Created 05-24-2016 04:47 PM
To avoid errors on starting up Node Managers application : "GC Overhead limit exceeded" when yarn.nodemanager.recovery.enabled = true. How do you determine / size Node Manager heap.
Created 05-24-2016 08:11 PM
The best way to find the nodemanager heap size and other memory settings is to calculate it specifically for your cluster size and hardware spec.
Here is the utility that you can use
see this link
Created 05-24-2016 08:18 PM
@Geoffrey Shelton Okot I am specifically looking for heap size for YARN Resource Manager Daemon and Node Manager daemon and not for containers memory allocation sizing.
Created 05-24-2016 08:44 PM
I don't know if we have any calculation to find out the exact heapsize for NM but typically NM doesn't require huge memory, I have seen customers using b/w 2-4GB heapsize is more than sufficient for node having 256g+ physical memory.

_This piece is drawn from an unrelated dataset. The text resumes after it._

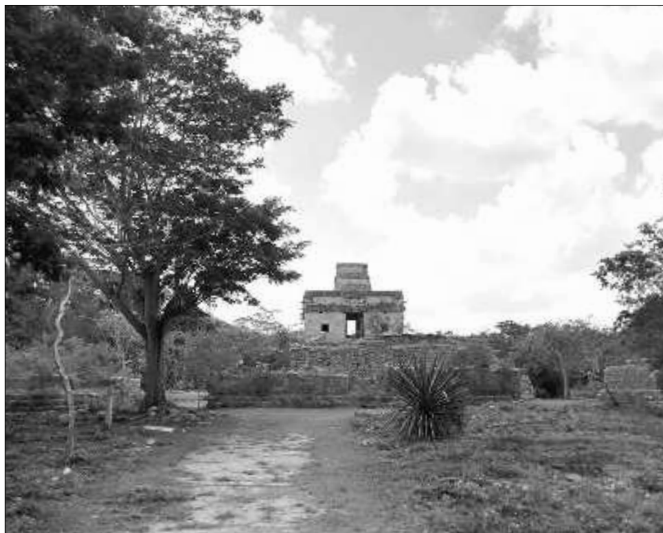
▲ La zona arqueológica de Dzibilchaltún cerró al público el pasado 30 de enero en el marco de la aplicación del Promeza, programa derivado del Tren Maya.

Dijo que entre las obras pendientes está el Museo y el

What was the heapsize when you saw "GC Overhead limit exceeded" and how many jobs were running to get recovered?
Created 05-24-2016 08:51 PM
heapsize was 1GB. Looks like that is the default. Is there a class to read "yarn-nm-recovery" file to check on how many jobs were running to get recovered ?

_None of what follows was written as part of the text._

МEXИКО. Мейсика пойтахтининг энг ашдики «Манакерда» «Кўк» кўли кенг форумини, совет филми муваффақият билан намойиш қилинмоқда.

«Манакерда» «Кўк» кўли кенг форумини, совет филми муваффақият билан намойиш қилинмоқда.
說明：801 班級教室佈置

Created 05-24-2016 09:32 PM
NM manager stores apps/containers info inside /var/log/hadoop-yarn/nodemanager/recovery-state/yarn-nm-state for recovery but I'm not aware of any tool which can read these files. Either you can parse RM and NM logs to find the rough idea of containers count. Also I would recommend you to increase the NM heapsize from 1G to 3G and restart the NM service.